From the line containing "Furinno Just 3-Tier" to the last line of the listing, transcribe exactly and add nothing else; keep both ends and omit pictures.
==== SOURCE DATA ====
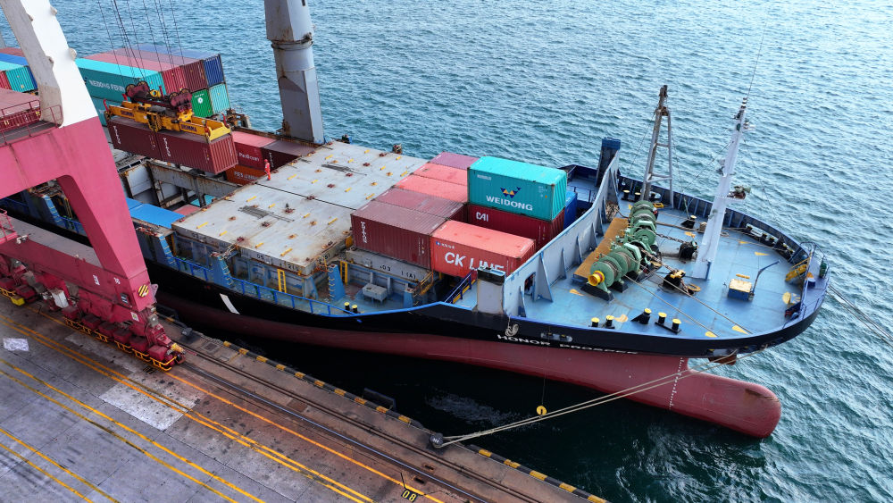 ↑直达韩国仁川港的“泛奥升奥普轮”在青岛港前湾港区装卸集装箱(无人机照片,10月29日摄)。
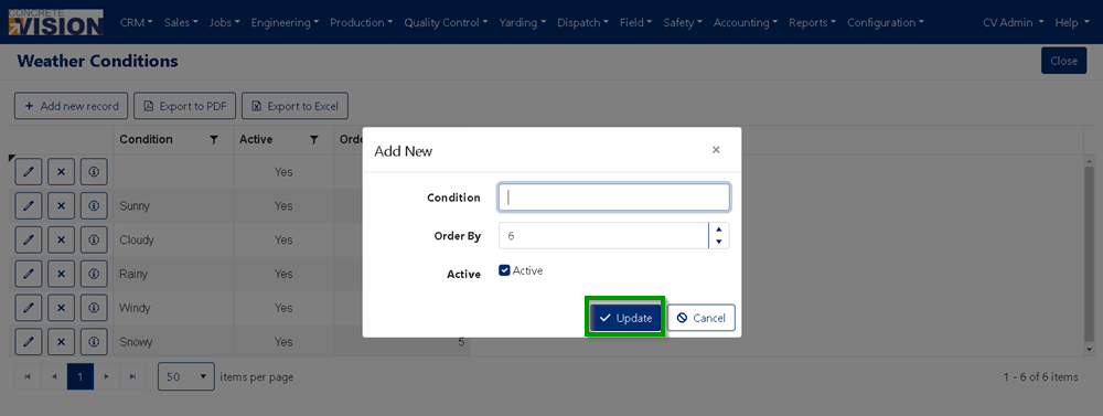 - Click on the “Update” button to Add the new Weather Condition (see the Green box in Figure 4).
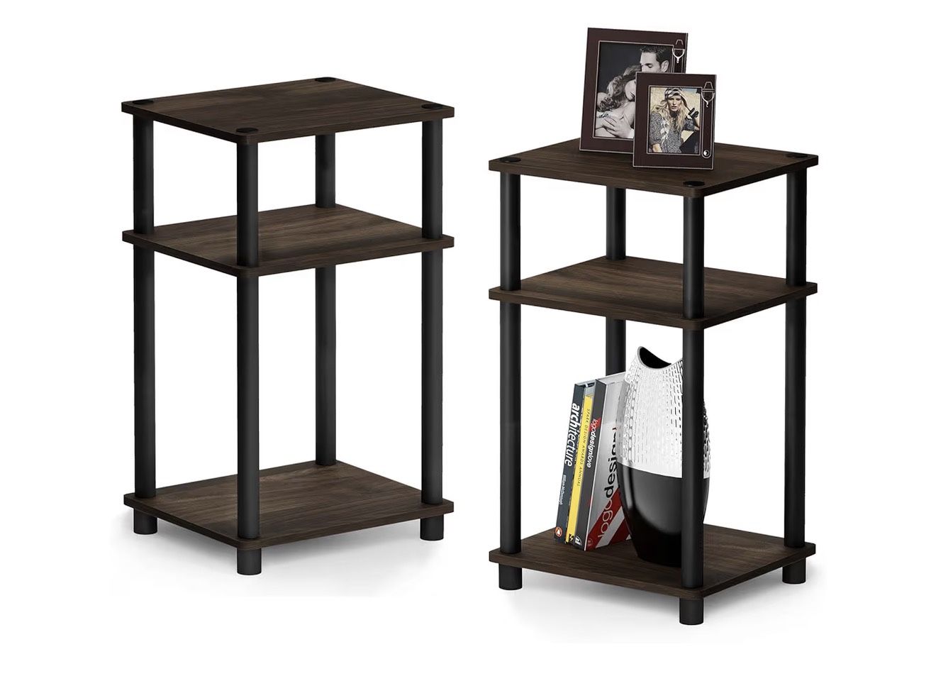 Furinno Just 3-Tier Turn-N-Tube End Table / Side Table / Night Stand / Bedside Table with Plastic Poles, 2-Pack, Columbia Walnut/Black / N21
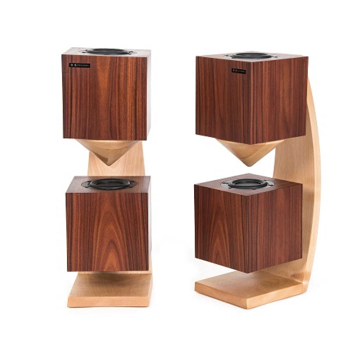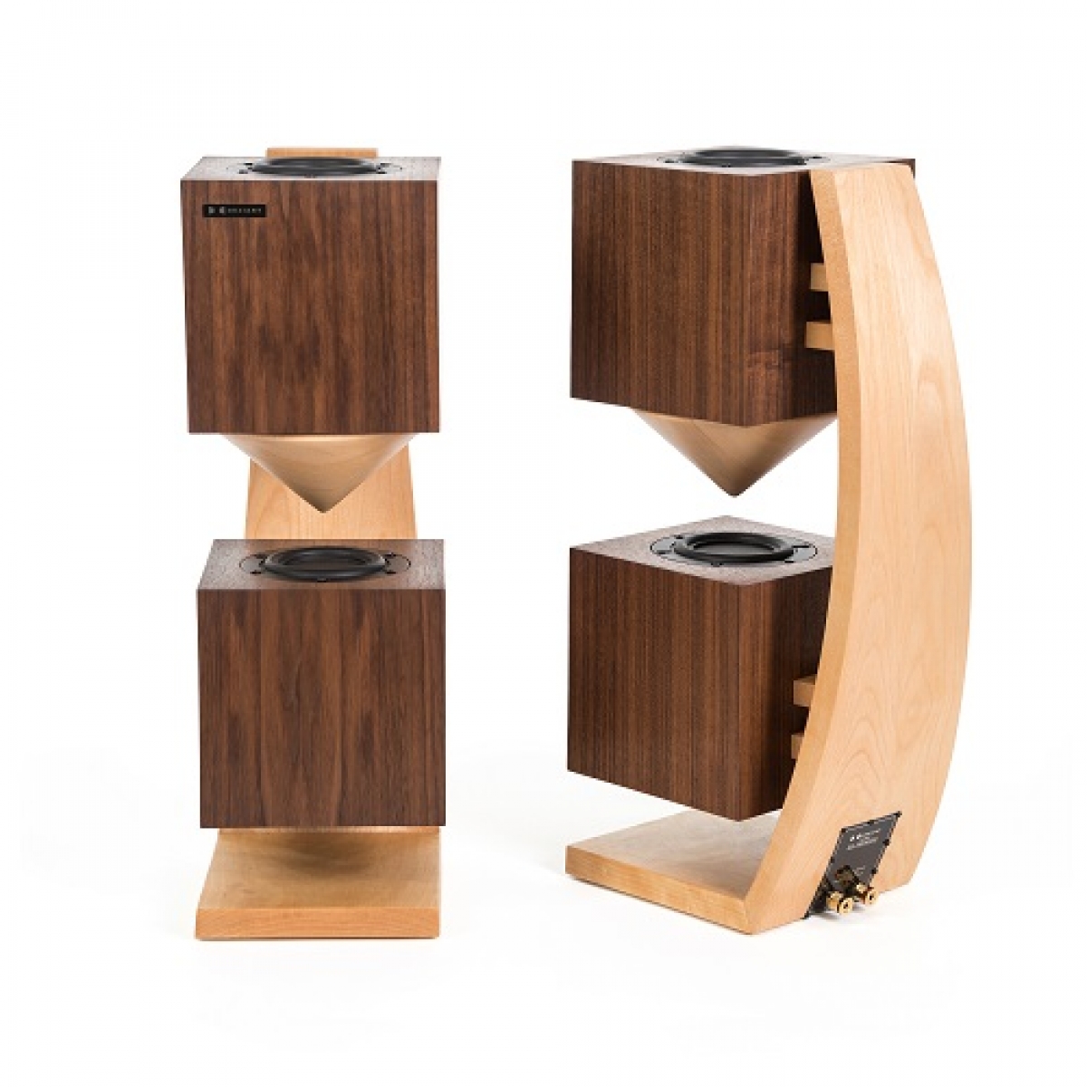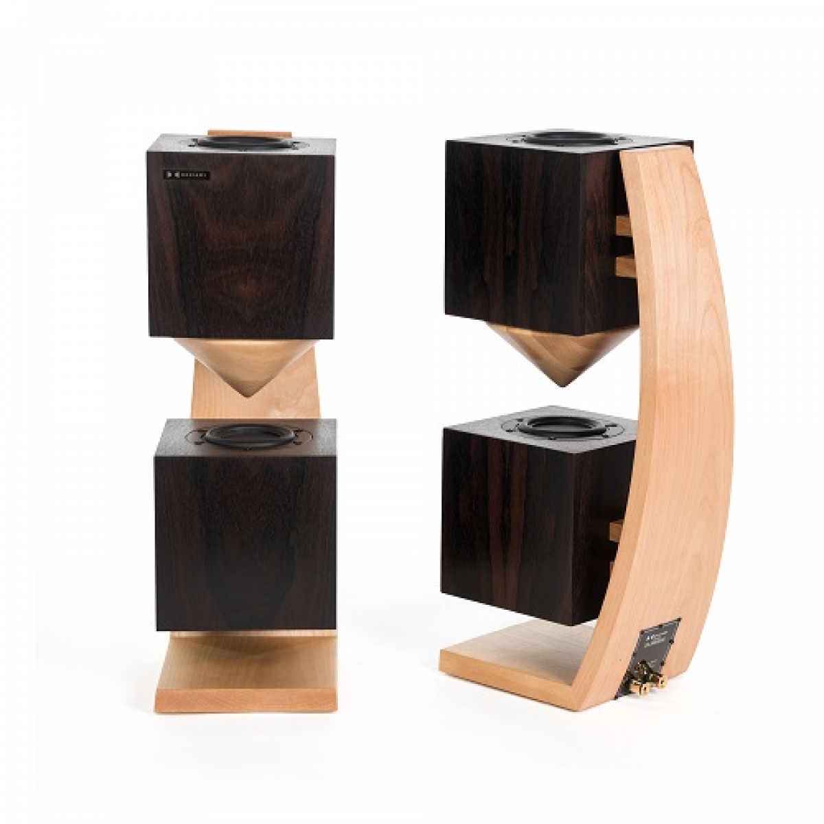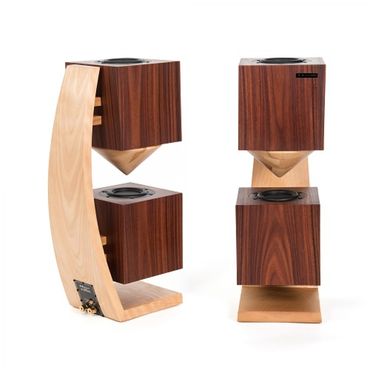 Haut-parleurs hi-fi en placage de bois haut de gamme, réalisés en petite série par des techniques d’ébénisterie et tournage sur bois.
====
**TASK RESPONSE**
 Furinno Just 3-Tier Turn-N-Tube End Table / Side Table / Night Stand / Bedside Table with Plastic Poles, 2-Pack, Columbia Walnut/Black / N21
 Haut-parleurs hi-fi en placage de bois haut de gamme, réalisés en petite série par des techniques d’ébénisterie et tournage sur bois.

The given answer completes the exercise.